Às vezes, penso em escrever a coluna sobre as amenidades que transformam os nossos dias em períodos menos complicados de enfrentar. Ou sobre afetos que demonstram, com pequenos atos inesperados, como é maravilhoso ainda cultivar certas amizades e amores familiares. Ou sobre a minha felicidade ao completar 472 dias no mais total isolamento, não só pela enorme preocupação que tenho com a minha saúde, mas, principalmente pela responsabilidade com o coletivo. Mas, num gesto tresloucado, leio os jornais, percorro os sites de notícias ou o que é pior, resolvo ver alguns depoimentos da CPI da Covid. 

Imediatamente, as boas intenções de uma coluna linda, leve e solta desabam. É tanta barbaridade e absurdo que os (as) senadores (as) conseguem de resposta, tanto desprezo com a vida da população demonstrado pelo presidente Jair Bolsonaro ao ignorar o tamanho da pandemia, tanto despreparo da sua equipe e tanto negacionismo que fica impossível fugir dos assuntos ásperos. 

E a música “Que País é esse?”, escrita em 1978 pelo Renato Manfredini Júnior, o tal do Renato Russo, parece ter sido feita com base nos dias atuais, apesar de ter 43 anos. Primeiramente ela foi executada em Brasília com a banda Aborto Elétrico.
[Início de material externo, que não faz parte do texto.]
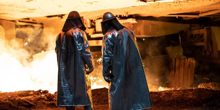 Steel worker at the top furnace of the Salzgitter Agérie AG on March 2, 2020 in Salzgitter, Germany.
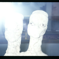 - Close up of two-headed plaster figure from the Neolithic site 'Ain Ghazal, 7th millenium B.C. in Jordan Museum in Amman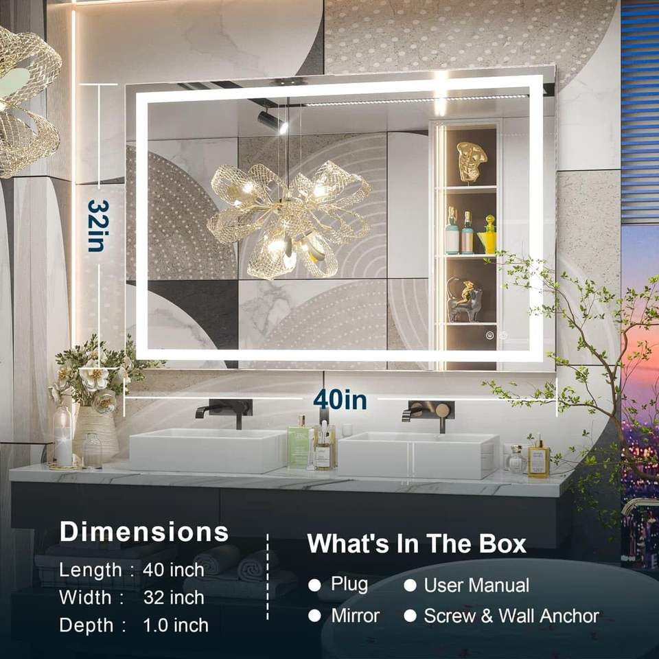 LED Bathroom Vanity Mirror Anti-Fog Dimmable Lights Sleek Elegant Design 3 Color Modes Memory Function Front Backlit Tempered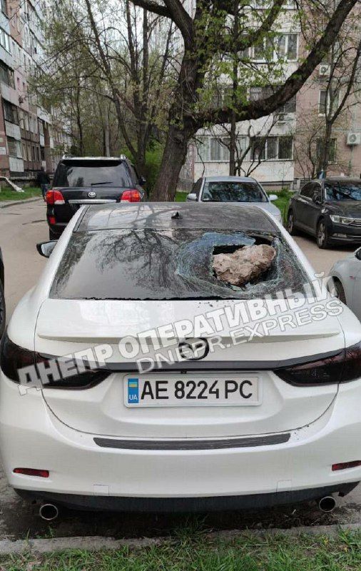 В Днепре на ж/м Победа неизвестный разбил булыжником припаркованную MAZDA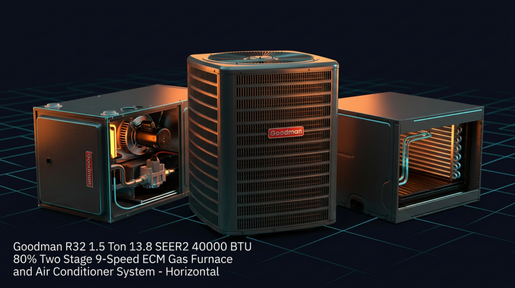 Goodman R32 1.5 Ton 13.8 SEER2 40000 BTU 80% Two Stage 9-Speed ECM Gas Furnace and Air Conditioner System – Horizontal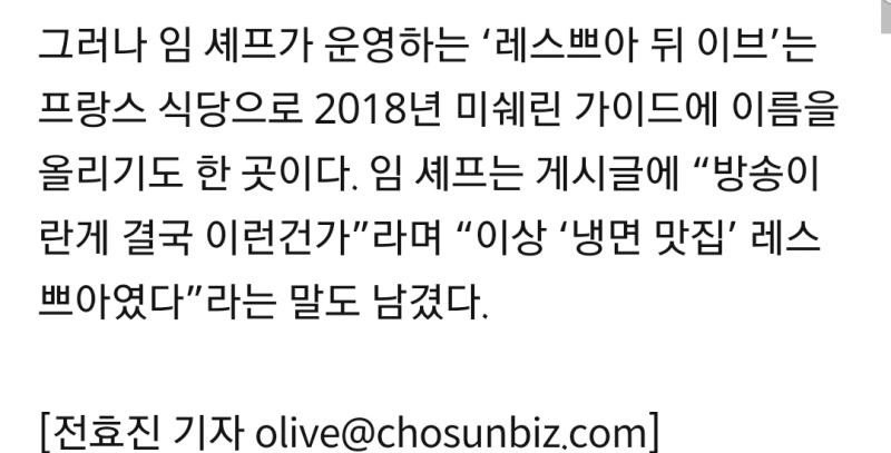 미슐랭가이드에 실린 프랑스 음식점을 냉면이라니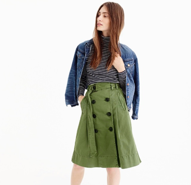 上品なひざ丈スカートでトレンチ風ダブルのボタンも目を惹きます。ベルトはリボンに結んでもかわいいですよね。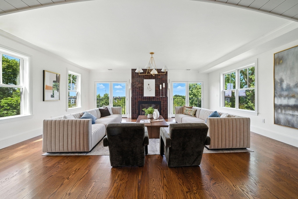 This stunning, professionally designed 4-bedroom, 3.5-bath condo in Brookline’s sought-after Coolidge Corner offers exceptional design and luxury. The main level includes a large chef’s kitchen opening to a nearly 500 sq ft living room, formal dining room with built-in buffet, two spacious bedrooms with shared bath, a guest suite with attached bath, powder room, laundry room, and den/office. Upstairs features a family room with wet bar leading to an unparalleled roof deck with panoramic views, plus a primary suite with walk-in closet, bonus sitting room or second closet, and a spa-like bath with effervescent tub and custom-tiled shower. Outdoor spaces include a private yard, rear balcony, and roof deck with gas and water hookups. Additional perks include a laundry room with sink and storage, mudroom with direct access to two garage parking spaces, and bonus storage. Minimum 4 month lease. Apartment can be fully furnished (semi custom to tenant) for an extra $5,000 per month.

Mas foi lançada em 1987, na época da Constituinte, pela Legião Urbana, que tinha Renato como vocalista. Ela começa dizendo que nas favelas, no senado, sujeira para todo lado, ninguém respeita a Constituição, mas todos acreditam no futuro da nação. 

Talvez nesta última frase resida a minha contrariedade com a música do Renato em 2021. Eu não acredito mais no futuro desta nação. Não tem mais jeito. Aqui no Brasil tudo deu errado e não adianta tentar refazer porque os moldes já estão viciados. E arrisco afirmar que muitos, com um mínimo de noção da realidade brasileira, também já perderam a esperança neste futuro. 

Alguém escreveu no twitter e trata-se da mais pura verdade. É o maior caso de corrupção da história do País. Não só porque os envolvidos nesta trama sórdida mal explicada de compra de vacinas estavam se preparando para desviar bilhões de reais ou dólares, mas porque eles mataram mais de meio milhão de pessoas para este fim “lucrativo”. Se você caro leitor, perdeu algum parente vítima da Covid-19, saiba que existem culpados pela morte. Se você cara leitora, chorou a partida de alguma amiga ou amigo em decorrência do Coronavírus, saiba que existem responsáveis pela sua perda. 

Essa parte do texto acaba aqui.